--- WORK TO COMPLETE ---
Your copy must hold all of the data below, unchanged and without images.

--- SUPPLIED MATERIAL ---
- - - - -
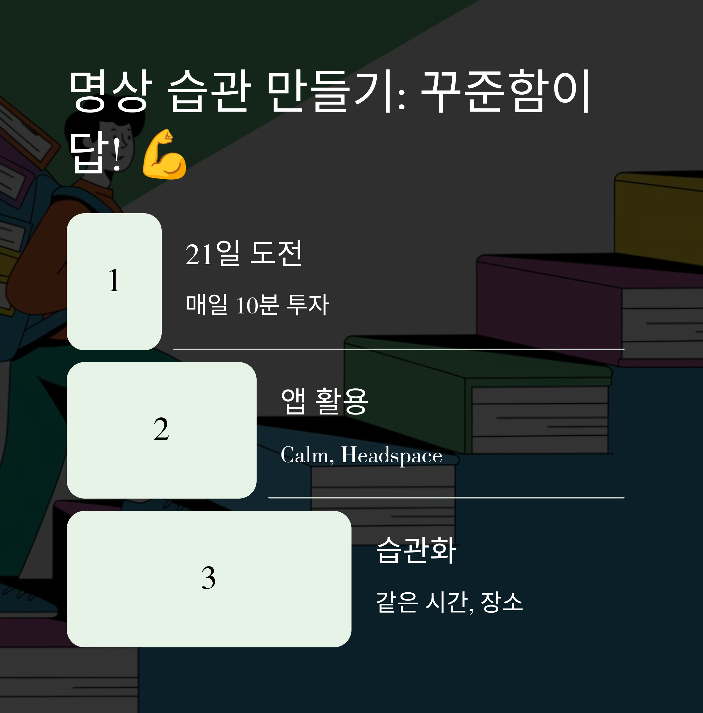 명상을 실천해 본 경험이 있나요? 여러분만의 스트레스 해소법을 댓글로 공유해 주세요!
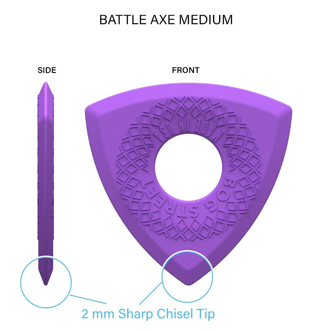 The 3-sided Battle Axe Medium features three 2.0mm sharp chisel tips. This gives players three pick tips geared towards fast and articulate playing.
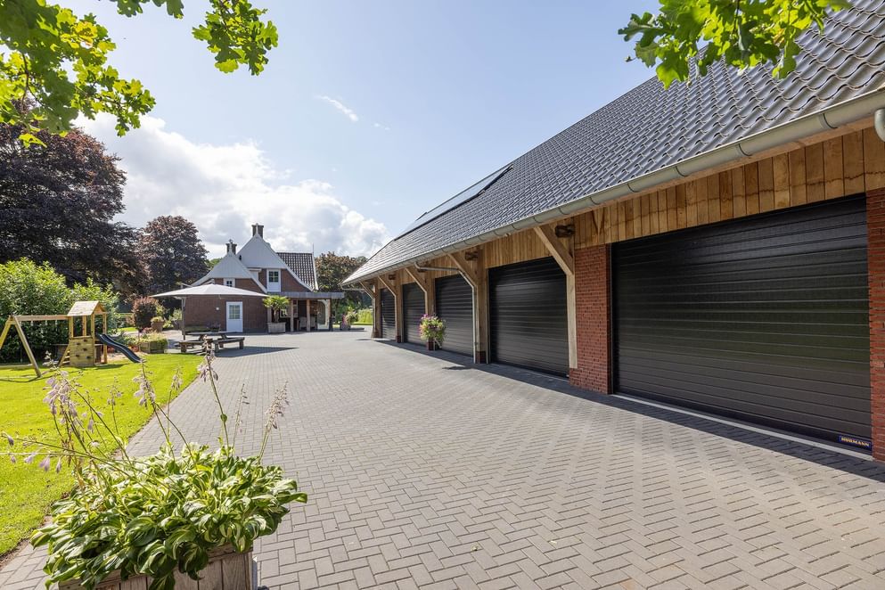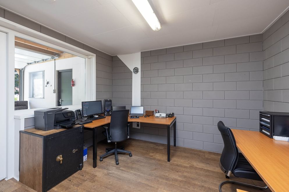 * Vrijstaande schuur met kantoor en 5 elektrische deuren, gebouwd in 2018
- - - - -
--- EXERCISE RESULT ---
 명상을 실천해 본 경험이 있나요? 여러분만의 스트레스 해소법을 댓글로 공유해 주세요!
 The 3-sided Battle Axe Medium features three 2.0mm sharp chisel tips. This gives players three pick tips geared towards fast and articulate playing.
 * Vrijstaande schuur met kantoor en 5 elektrische deuren, gebouwd in 2018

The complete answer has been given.